The Prince of Orange organised in Germany a small armed force for the deliverance of the cowed and horrified Netherlanders, but his first victory over Alva’s forces was answered by immediate reprisals in Brussels, a score of nobles being sent to the block, including Horn and

THE DUKE OF ALVA, MORO VAN DASHORST

Egmont, the latter being the most honoured of the nobles and as good a Catholic as he was a soldier. The people remained absolutely crushed, making no effort to rise in support of the Prince of Orange, who, defeated by Alva, sought the aid of the French Protestants, attacked from the sea by means of privateers who preyed on Spanish commerce, and finally, by establishing a base in Holland, raised this portion of the Spanish Netherlands against Alva and made himself actual head of a new state. In the meantime a Huguenot army had laid siege to Mons, but just as victory seemed near the Massacre of St. Bartholomew ended the Protestant party in France for ever, destroyed all the hopes that had been raised through the possibility of assistance from Coligny, and sent Orange back again behind the Rhine, leaving Flanders and Brabant to their fate. Alva saw to it that this was sufficiently awful, and then began operations against Holland, but by this time Philip had become thoroughly tired of the costly war and listened willingly to the enemies of the terrible duke, recalled him, and sent in his place the comparatively mild and accommodating Requesens.
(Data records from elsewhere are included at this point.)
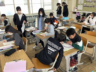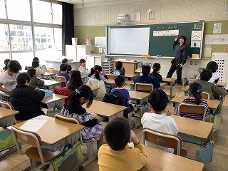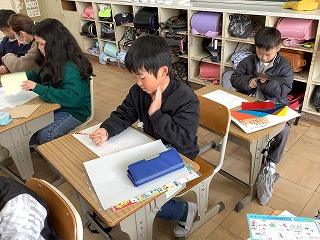 1年生国語 「ずうっと ずっと 大すきだよ」音読リレーをしました。今日は気持ちを込めて音読することがめあてです。登場人物の気持ちになって上手に読むことができていました。
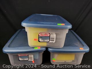 Refer to photos for titles, genre, etc. 6" x 10.5" x 16" totes with lids.
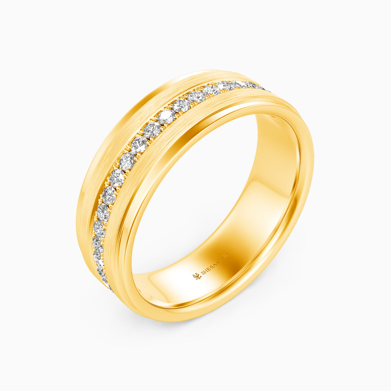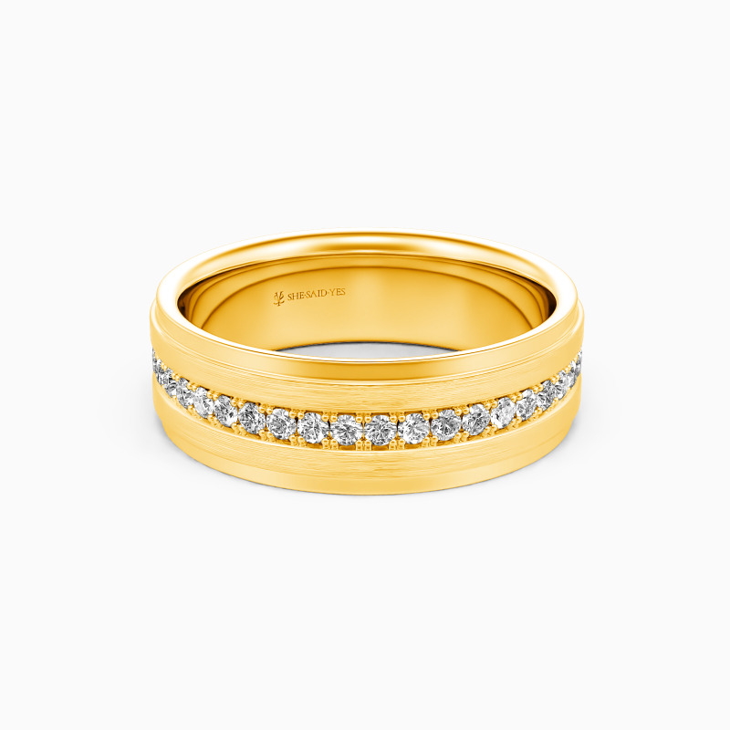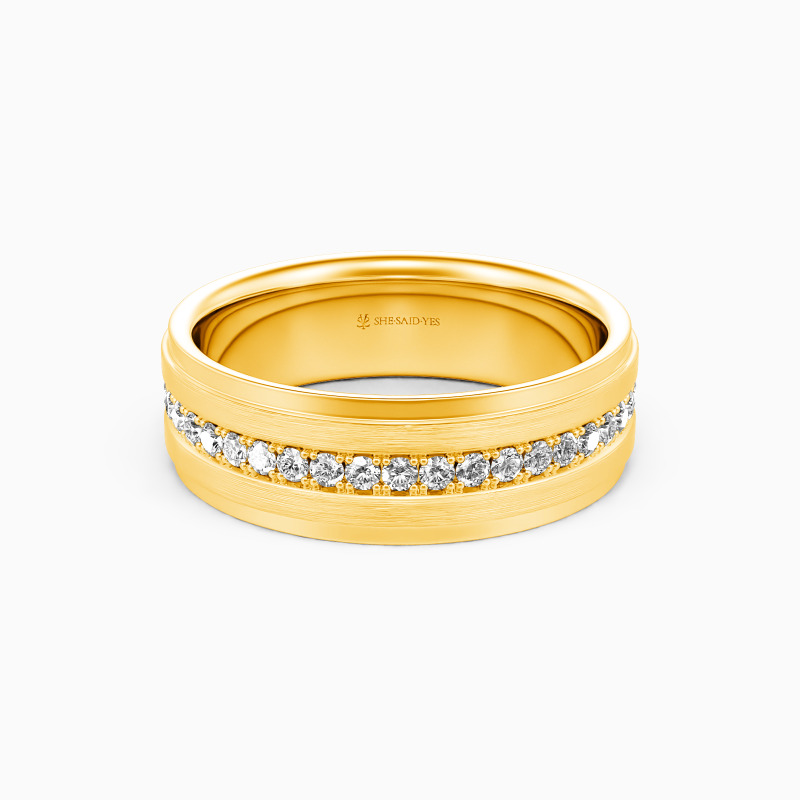 Depict an on-trendy style with precious metal and unique design; A row of shimmering round gemstones is spread across the band, with a sleek brushed finish accented alongside for a further level of sophistication. This dreamy eternity wedding band incorporates the ultimate craftsmanship for your ideal wedding.
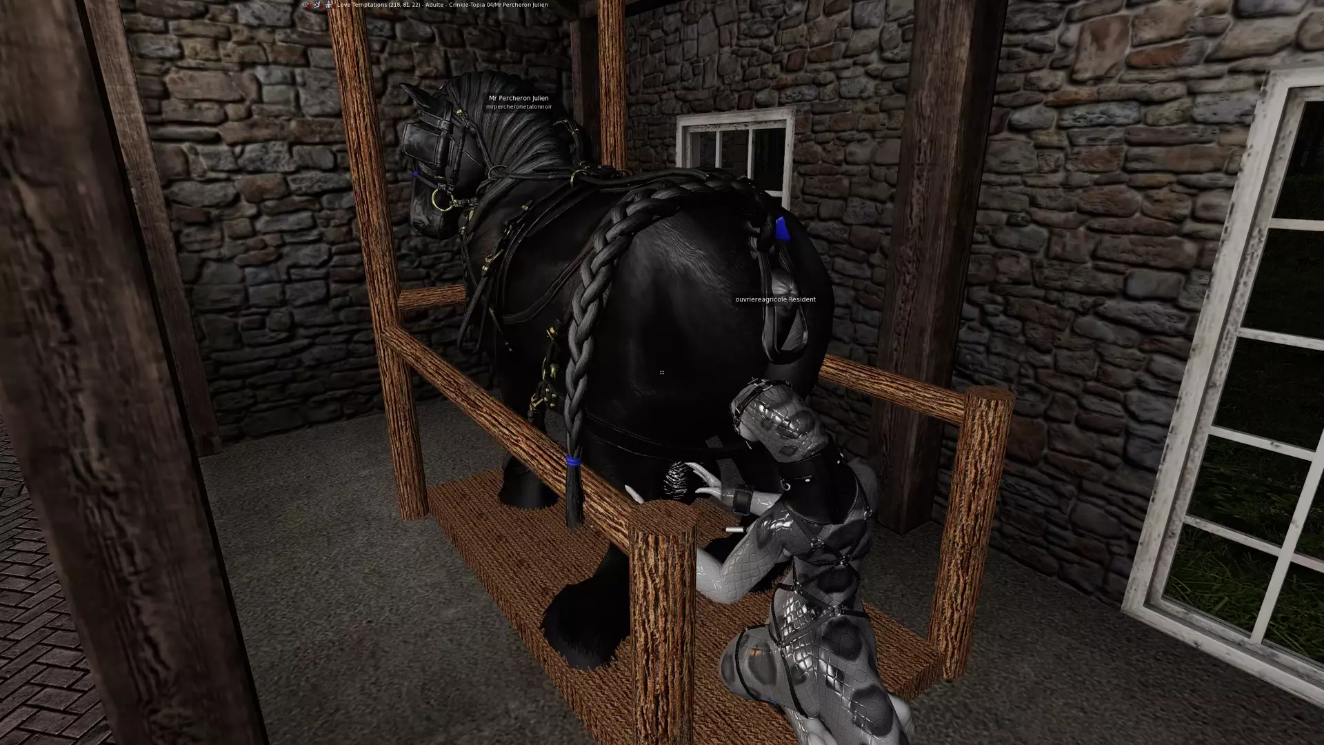 A Percheron Stallion Is Being Tortured. His Testicles Are Being Tortured By A Furry F
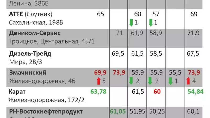 Тем временем дизельное топливо снова дорожает в Южно-Сахалинске. На автозаправочной станции ДТ выросло в цене на 1,5 рубля, а на «Змачинском» — на четыре рубля.
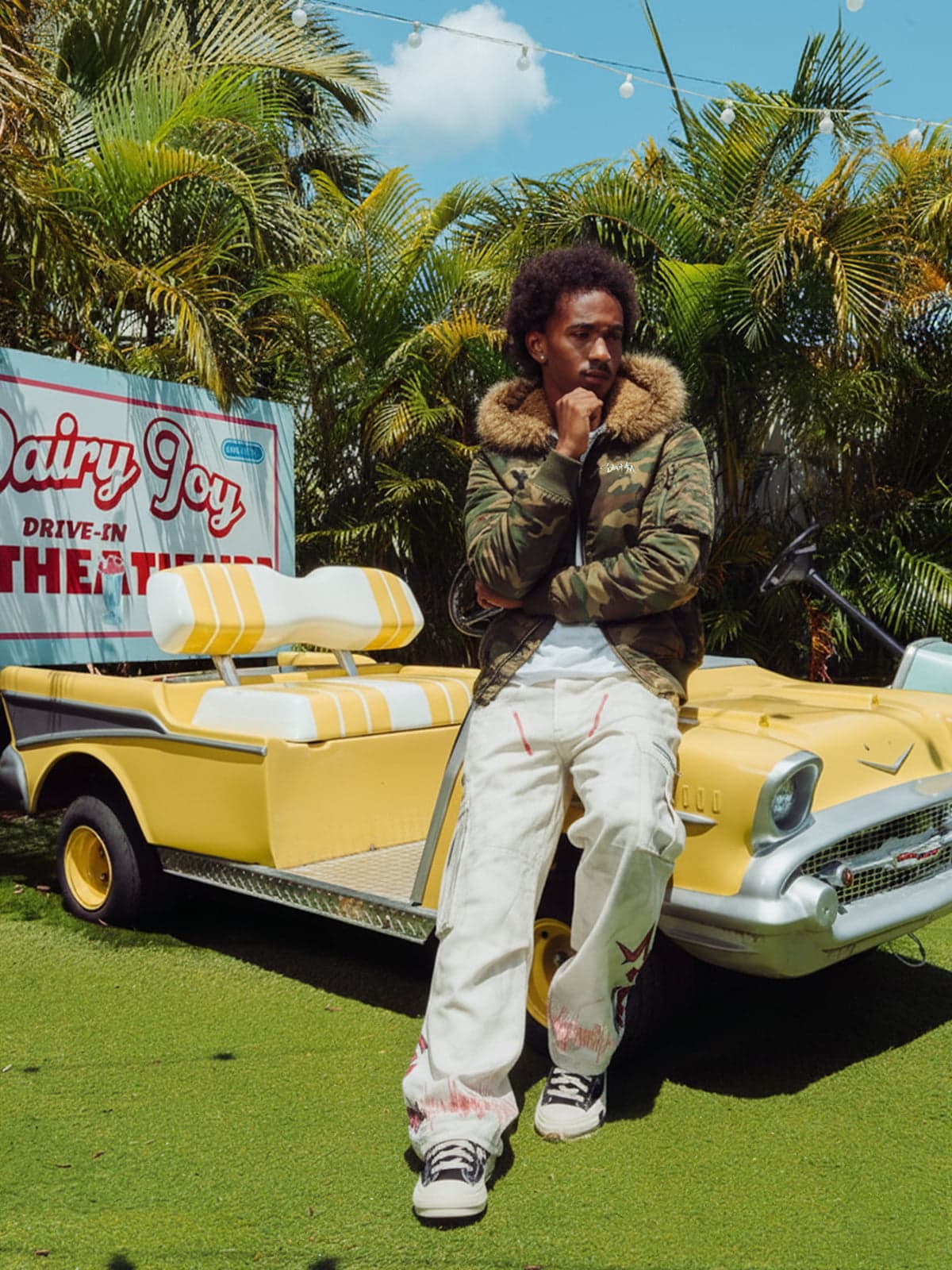 • Design Elements: Camouflage pattern, faux fur-lined hood, front zipper closure
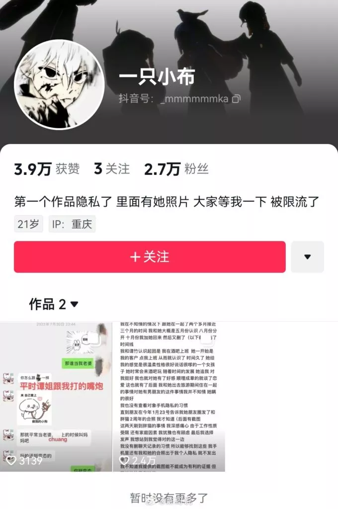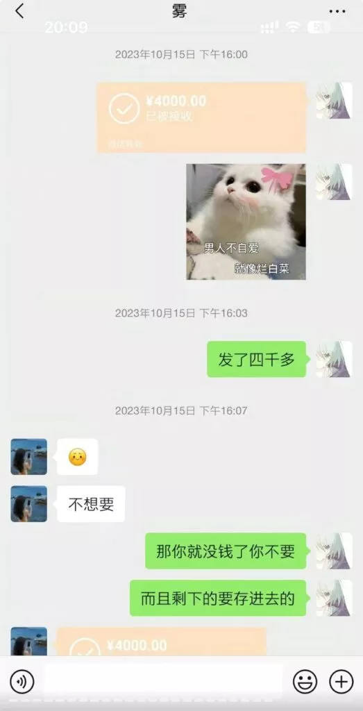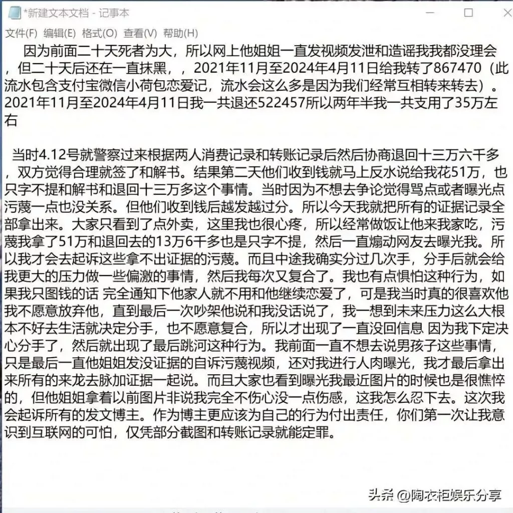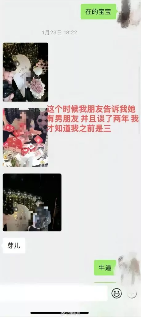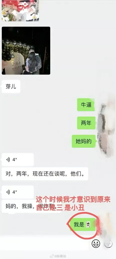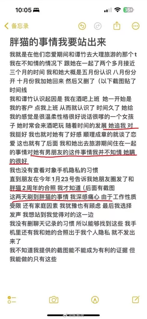 肥猫事件的最新进展如今已浮出水面,其间的纷争与揭露愈发引人瞩目。据其中一位当事人爆料,他/她就是被小三的那位。该当事人在完全不知情的状况下,与谭竹有了两年的恋情。直到肥猫事件曝光后,才得知事件的始末,并公开了相关的证据。原来,在谭竹与肥猫的交往期间,她一边向肥猫索不停的取金钱,一边不停的给肥猫戴着绿帽子!
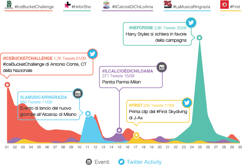 I volumi si sono ridotti rispetto al boom avvenuto durante l’estate, quando la campagna aveva battuto ogni record su Twitter totalizzando oltre 147,2K messaggi, ma nel mese di settembre l’#IceBucketChallenge si conferma la campagna più partecipata e più discussa in assoluto, con 10,8K tweet pubblicati da 8,1K autori unici, che hanno raggiunto circa 34 milioni di unique impressions.
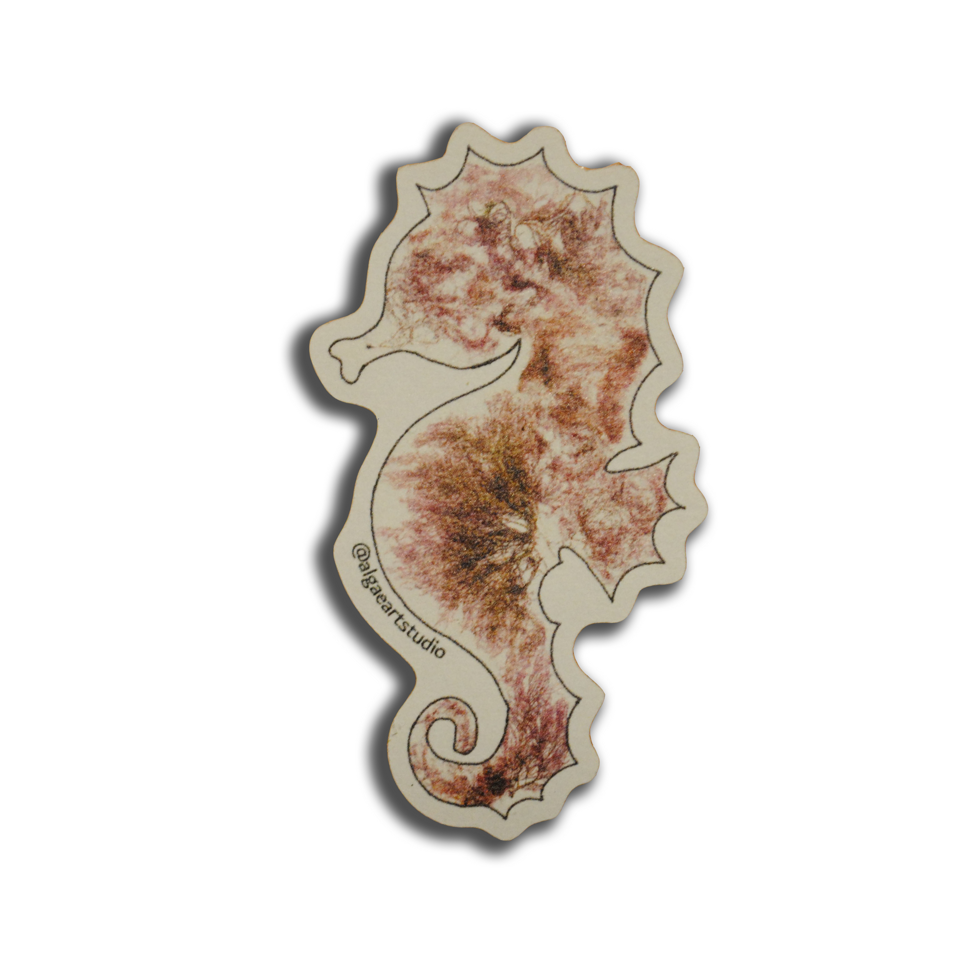 Every design is created using algae that I hand-collect right from our coastline! All framed artwork are original pieces of the pressed algae itself preserved behind the glass. Tote bags, greeting cards, and stickers are re-prints of my original artwork. All color is 100% natural and unaltered.

The tale is now one of progressive and finally successful efforts at pacifying the country, the undoing so far as possible of the bloody work of Alva, the winning back to the Church and to the Spanish crown of all those who had not gone over definitely to Protestantism and the Prince of Orange. Both the Pope and the King offered full amnesty, and the southern provinces, those, that is, that now form the kingdom of Belgium, accepted at once and completely, for after all they were solidly Catholic and in principle not averse to Spanish dominion. The northern provinces—i. e., Holland—rejected all overtures, binding themselves completely, implacably, and savagely to Protestantism, and from now on the former Spanish Netherlands became two states: Holland, soon to win its independence, and Belgium, now and for a long time to come, a Spanish province.